Even though the money still has to be approved by Congress, Albuquerque leaders and urban transit enthusiasts are celebrating the news that some $69 million has been included in President Obama’s 2017 budget for the construction of the nine-mile Albuquerque Rapid Transit corridor.
REPRESENTATION OF AN ART STOP ON CENTRAL AVENUE, BY DEKKER/PERICH/SABATINI ARCHITECTS
The money will specifically come through the Federal Transit Administration’s Small Starts initiative designed to fund a variety of bus corridor improvement projects nationally.
“There’s a 99 percent chance that this money is going to come through,” says Dan Majewski, “and the reason I say that is that there are a lot of things in Obama’s budget that are no-goes, like things that come from his administration and not necessarily from Congress.”
But, continues Majewski, an urban planner who is co-chair of Urban ABQ, “the reason this project looks like a sure thing is that it is embedded on so many different levels—it’s gone through years and years of planning. It is embedded at the city level, the state level and the federal level by a variety of different agencies, which is why so many people are confident that this is going to happen.”
Engendering no small amount of local controversy, the Albuquerque rapid transit project would see the creation of dedicated bus lanes and the construction of a series of canopy-covered median stations along busy Central Avenue.
As planned, the stations will be strategically placed every one-quarter to one-half mile.
REPRESENTATION OF AN ART STOP IN DOWNTOWN ALBUQUERQUE, BY DEKKER/PERICH/SABATINI ARCHITECTS
The project, known as ART (Albuquerque Rapid Transit), would greatly increase bus service and reduce time spent by commuters, owing to a system allowing the buses to communicate with Central Avenue traffic signals in order to reduce the number of red lights.
As originally proposed by Mayor Richard Berry, the new system would spur development up and down Central Avenue, which is part of historic Route 66, in ways that have been seen with new building and development in other cities, such as Phoenix, that have also embraced similarly ambitious transit projects.
But business owners in Nob Hill, bordered by Washington Street and Girard Boulevard, aren’t so sure.
“It’s a very heated issue, that’s for sure,” says Carolyn Chavez, the executive director of Nob Hill Main Street. Nob Hill Main Street is a part of the larger New Mexico Main Street program, and it has not taken an official stand on the project.
“There is a very vocal group that is against the project, but also a lot of merchants who are for it,” reports Chavez.
“Then there is a third group of people who are hopeful for the outcome but really concerned about the construction process,” says Chavez.
In fact, Nob Hill merchants say they aren’t just worried about the impact the project will have on their businesses during the construction phase, which is expected to last from this May to the late summer of 2017. They also don’t like what they think could happen once that construction is finished.
“In every way, this project is the incorrect solution for the wrong street,” says Steve Schroeder, who is the owner of Nob Hill Music at 3419 Central Avenue NE and the founder of SaveRt66.org, which is dedicated to stopping the project.

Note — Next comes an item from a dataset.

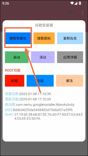 5、可以一键启动,提取图标,复制包名,查看应用活动等。

“What happens when you do something like this is you end up creating havoc for businesses, tourism, and customers in the area,” says Schroder, noting that the current two traffic lanes traveling in both directions on Central would be reduced to one.

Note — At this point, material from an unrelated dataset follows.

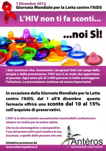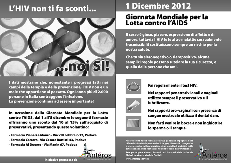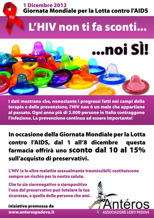 Moltissimi giovani non sono informati, secondo un’indagine condotta dal sito Studenti.it il 31% degli utenti dichiara di saperne poco o nulla. Anche per questo l’associazione Antéros ha lanciato una campagna che avvicini i giovani, e i meno giovani, all’uso del preservativo attraverso l’adesione di alcune farmacie padovane. In queste farmacie dal 1 all’8 dicembre verrà praticato uno sconto dal 10 al 15% sull’acquisto di preservativi, presentando il volantino che verrà distribuito nei prossimi giorni dai volontari di Antéros. Il volantino avrà lo scopo di informare anche sulle linee guida più riconosciute per la prevenzione dall’HIV.

“Try to imagine one lane of traffic on Nob Hill,” continues Schroeder, pointing out the tourism value of Route 66. “Around 30 percent of my business is from people who don’t even live in Albuquerque, and I know of restaurants here where it’s as high as 40 percent.”

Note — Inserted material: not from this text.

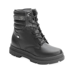 Nome: Bota Coturno Kidy KD24-36300. Gênero: Menina. Indicado Para: Moda. Estilo da Peça: Casual. Ocasião: Dia a dia. Material Externo: Alternativo com recortes e costuras. Material Interno: Têxtil acolchoado. Detalhes: Pin da marca na lateral externa e tira com aplicações de strass no cano. Fechamento: Cadarço. Palmilha: Anatômica e macia. Cano: Médio 12,5 cm de altura. Circunferência: 26 cm aproximadamente. Tipo de Solado: Levemente tratorado. Solado: Borracha antiderrapante. Peso do Produto: 818 g (o peso varia de acordo com a numeração). Garantia do Fabricante: Contra defeito de fabricação. Origem: Nacional. Código Produto: 04070276. Marca: Kidy.

“This means that there’s going to be a drastic cut in tourism in this area, and when you do that, businesses are going to get hurt,” adds Schroeder.
If Congress approves the $69 million for the project, which is part of a larger Obama budget this year of $14.6 billion, at least $50 million more will have to be secured due to subsequent changes to the project’s original design, including landscaping, more traffic signals, and improved sidewalks.
“Those changes are designed to mitigate some of the concerns that were raised by the neighborhood associations,” says Majewski, “and they are really good changes that are going to contribute to the success of the project. But it means that the city somehow has to find a lot more money.”
Some $5.4 million in matching funds will be coming from the City of Albuquerque, as well as $13 million in bond money approved by the City Council. The rest of the money, according to city officials, will most likely come from federal sources.